What is the Material API

The Material API is a collection of helper methods & texture inputs to describe the surface of your material. The main purpose of the Material API is to prepare your data and pass it to a ShadingModel.

How does it work?

The Material API is automatically used when you add the common/pixel.hlsl include to your pixel shader.

Texture Inputs

Material API handles creating & processing texture inputs for everything that PBR shading model needs. When you're including pixel.hlsl, Material API will automatically populate input slots for most common texture maps by default. It will also create variables for tint color and self-illumination intensity.
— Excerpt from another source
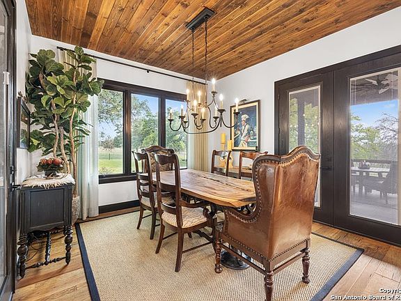 Welcome to 159 Inspiration Loop. This stunning 4-bedroom, 4.5-bath, 4,869-square-foot homestead (includes conditioned spaces) is located in the gated Hidden Springs community near Fredericksburg and sits on 10 beautifully treed acres. This is a once-in-a-lifetime opportunity to own a little piece of heaven on earth. Thoughtfully designed for hosting family and friends, this property offers something for everyone. The homestead includes a 2,381-square-foot main home with 2 bedrooms and 2.5 baths. The kitchen is truly a cook's dream, featuring a French door double oven, refrigerator/freezer, 6-burner gas cooktop with griddle, and a dishwasher located in the island. For entertaining, there's also a spacious "dirty kitchen" with its own refrigerator/freezer, wine fridge, sink, speed oven/microwave, and a second dishwasher. The beautiful living room features a floor-to-ceiling stone gas fireplace, wood ceilings, and large windows that fill the space with light and provide views of the landscaped, fenced backyard. The primary suite boasts abundant natural light, serene views, and two walk-in closets. The ensuite bath includes a double vanity, large walk-in shower, and a private toilet room. A second bedroom with its own ensuite and walk-in closet is located on the opposite side of the home for privacy. The 1,500-square-foot guest house sits to the right of the main home and includes 1 bedroom, 1 bath, a full kitchen, and a loft that can serve as a second bedroom or flex space. The cozy living area centers around a stacked-stone gas fireplace. The bathroom is a true retreat with a large shower and a clawfoot tub that overlooks green space on the property. The kitchen is well-appointed with a pantry and everything needed for comfortable living-perfect for guests or multigenerational living. The oversized 3+-car garage features custom alder cabinetry and overhead storage. A finished and conditioned loft space sits above the garage, ideal for a studio, gym, or office. To the left of the main home is the barndominium, which holds up to 6 cars and/or functions as a workshop. Adjacent to it is an approximately 12' x 40' guest suite, which includes a living area, wet bar/kitchenette, bathroom, and bedroom overlooking a serene grove of trees. Outdoor living is just as impressive. A fully landscaped and fenced backyard includes a covered outdoor kitchen with alder cabinetry, built-in grill, and a custom wood-fired pizza oven. Nearby, a conditioned mini kitchen adds extra convenience. Multiple porches-front, back, and side-offer peaceful spots to watch the deer and sheep roam. Hidden Springs is a unique Agrihood community, featuring a 29-acre community greenspace and garden, pickleball courts, a pool, and a pavilion. All of this is just a 15-minute drive from historic Fredericksburg and the Hill Country Wine Trail. An agricultural valuation is in place.

They will show up in Material Editor when you're creating a new material using your new shader.

If you want to access any of these input maps from material specifically, here are the variable names:

Input Slot Type Note
Albedo float3
Metalness float
Roughness float
Emission float3
Normal float3
TintMask float
AmbientOcclusion float
Transmission float3 does nothing
Opacity float Requires translucency, see custom material inputs section

Also, if you're not using custom material inputs, you'll be able to access these variables:

Default Variable Type
g_flTintColor float3
g_flSelfIllumScale float

Creating & processing a material

This is an automated variant to handle the material. If you're just starting making shaders, this may be a better option for you. Before you build new material object and pass it into shading model, you need to initialize it inside the MainPs block first. To do it, simply create a new variable like this, using Material::From( i ).

Material m = Material::From( i );

After this, it will automatically build a new material object, as well as sample & store into corresponding slots your albedo, normal, and RMA maps. (Roughness + Metalness + AO)

If you have any other texture maps you want to include, you'd need to fill them yourself. For example, if you need a proper emission map for your shader, you'd have to do this:

PS { // ... CreateInputTexture2D( Emission, Srgb, 8, "", "_em", "Material,10/60", Default3( 0.5, 0.5, 0.5 ) ); Texture2D g_tEmission < Channel( RGB, Box( Emission ), Srgb ); OutputFormat( BC7 ); SrgbRead( true ); >; // ... float4 MainPs( PixelInput i ) : SV_Target0 { // ... Material m = Material::From( i ); m.Emission = g_tEmission.Sample( g_sAniso, i.vTextureCoords.xy ) * g_flSelfIllumScale; // By default, Material API includes a float variable that we can use for changing emission intensity right from the material settings :-) // ... } }

You can edit any other texture map in material object even after using ::From( i ) the same way. To see all input slots material has, please check out the list above.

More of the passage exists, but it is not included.